Anthony Joseph Zuzzio (August 5, 1916 – April 7, 2002) was a professional football player for the Detroit Lions during the 1942 NFL season. He also played college football for Muhlenberg College in 1938 and 1939.

==Early life==
Zuzzio was born in 1916 in Irvington, New Jersey. His father, Charles Zuzzio, worked as a nickel polisher. He attended Belleville High School in Belleville, New Jersey.

==Football player==
Zuzzio attended Muhlenberg College in Allentown, Pennsylvania. He played college football at Muhlenberg under head coach Doggie Julian as a tackle during the 1938 and 1939 seasons.

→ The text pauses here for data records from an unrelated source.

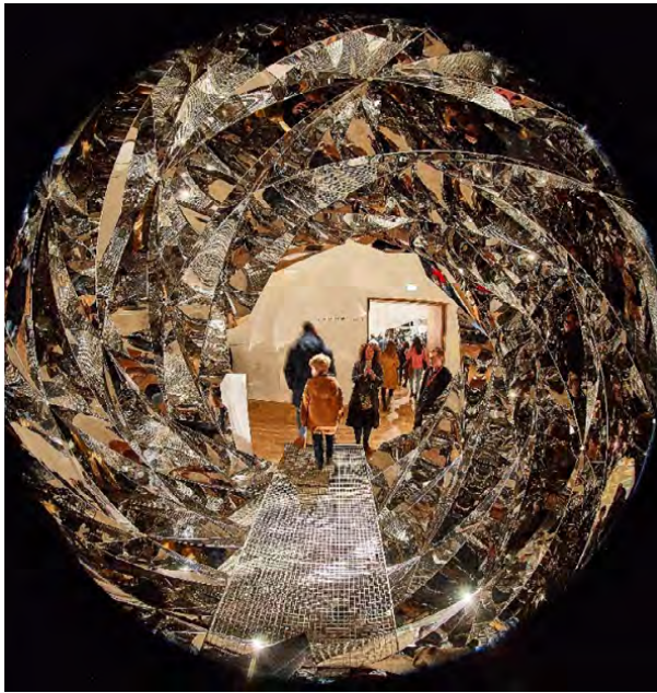
Figura 6. Your spiral view , Olafur Eliasson, 2002
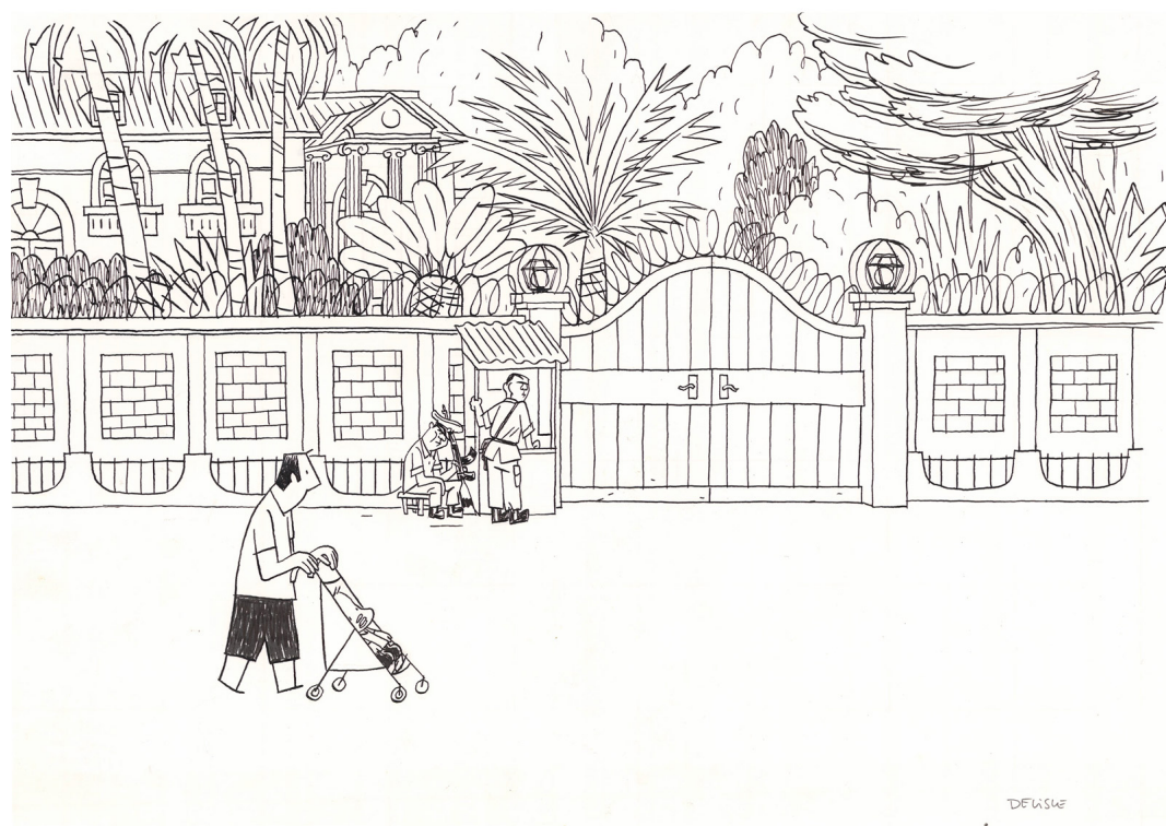
Guy DELISLE - Chroniques birmanes - Couverture de l'album - 2007 - Encre de Chine sur papier - 25 x 41,8 cm - Signé en bas à droite

Après s'être exilé pour le travail, il suit sa compagne dans d'autres régions du monde où il s'occupe de leurs enfants, ce qui donne lieu à la parution de Chroniques birmanes et Chroniques de Jérusalem où, à nouveau, Guy Delisle se place en observateur de situations géopolitiques singulières. Parallèlement à ces ouvrages, il publie également des livres de fiction ( L'inspecteur Moroni ), d'humour ( Le guide du mauvais père ) et de Jeunesse ( Louis ). Enfin, après avoir adapté le récit de la captivité et de l'évasion d'un otage d'une ONG dans le Caucase dans S'enfuir , dessiné un album de Donjon Monsters sur un scénario de Lewis Trondheim et Joann Sfar, il vient de signer la biographie d'Edward Muybridge, pionnier de la photographie et... meurtrier ( Pour une fraction de seconde ).
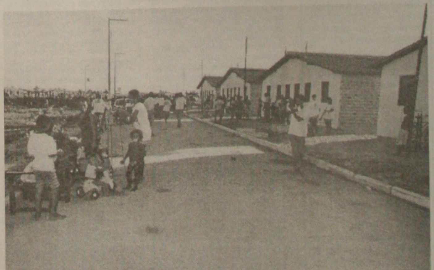
Retirada das famílias chamou atenção da população de Pirambu
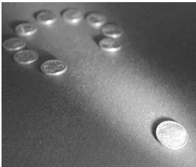
Рисунок 11. Разве может такая десятина служить духовному познанию Бога, и быть уподоблением Иисусу Христу?

По букве, повторяю, вы можете служить Богу лишь своими силами, но пусть попробует кто-либо своими силами пророчествовать или творить чудеса. Невозможно такое? А почему невозможно? Потому что служение пророчества или чудотворения – сугубо духовное служение: только когда Дух Святой сходит на человека, только тогда Он дает ему способность служить Своими дарами.
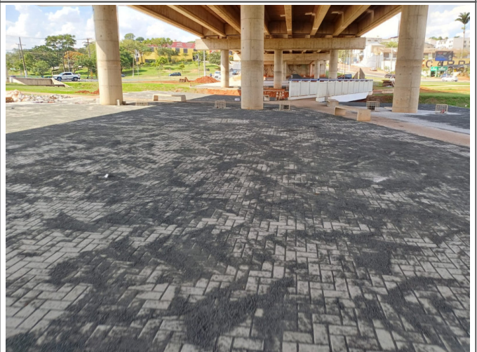
Execução de Piso com Bloco Intertravado sob o Viaduto Mons. Gustavo Mantovani.
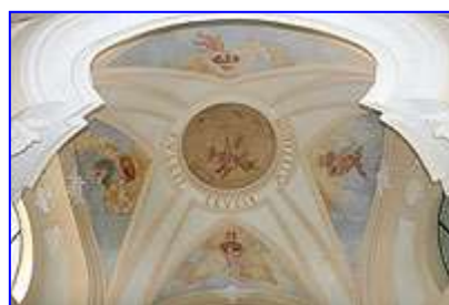
Nástrovní nástěnné malby Andělé nesoucí vladařské insignie a Svatý kříž
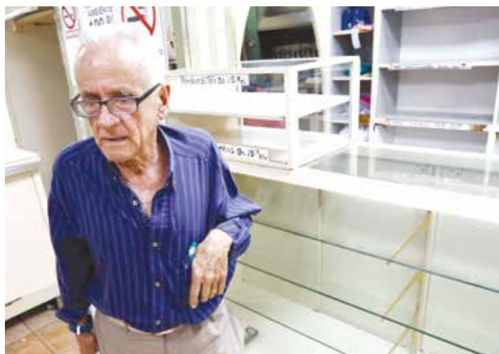
La guerra económica ha dejado profundas heridas.

El Presidente Maduro ha anunciado un relanzamiento de todas las Misiones y Grandes Misiones Socialistas y me ha dado la responsabilidad de estar al frente de esa
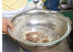
Plangganaang may napsang itlog ng BSF
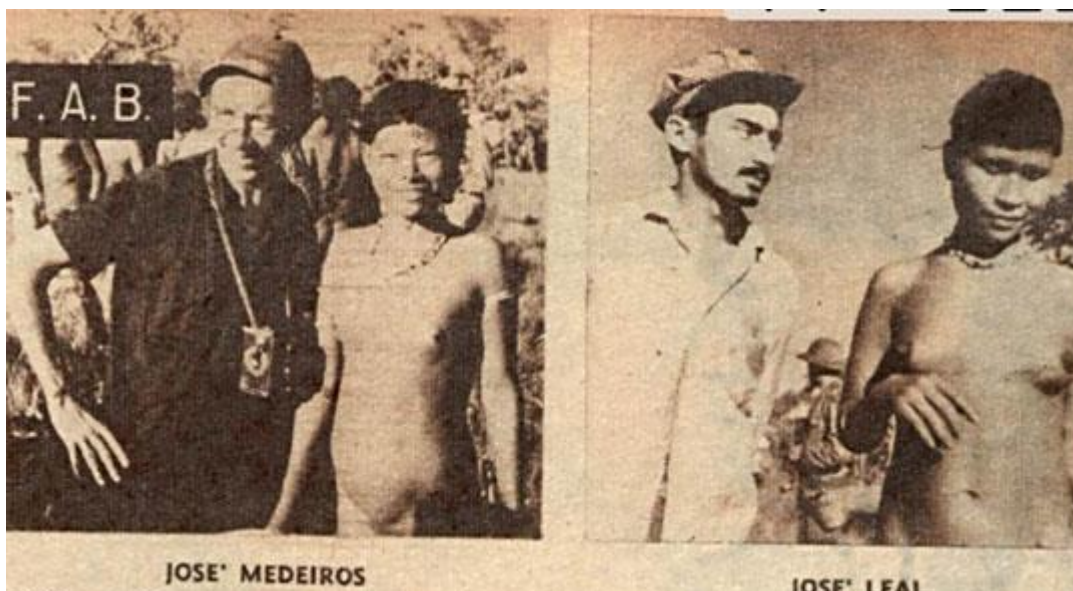
O Cruzeiro, 22 de julho de 1950

In 1942, Zuzzio played professional football as a lineman for the Detroit Lions. He appeared in two games for the Lions during the 1942 season, before he was drafted into military service. He was released by the Lions on September 30, 1942,

==Military service and later years==
Zuzzio enlisted in the United States Army Air Forces on October 7, 1942. He served throughout World War II and was discharged in 1946. He received the American Theater Ribbon (for service in the American Theater of Operations), Good Conduct Medal and a World War II Victory Medal.

After the war, Zuzzio became a high school teacher and coach.

In 1977, Zuzzio was inducted into the Belleville High School Hall of Fame. From 1964 to 1966, he also worked as a scout for the Los Angeles Dodgers baseball team.

In April 2002, Zuzzio died at age 85 in Lawrence, Kansas.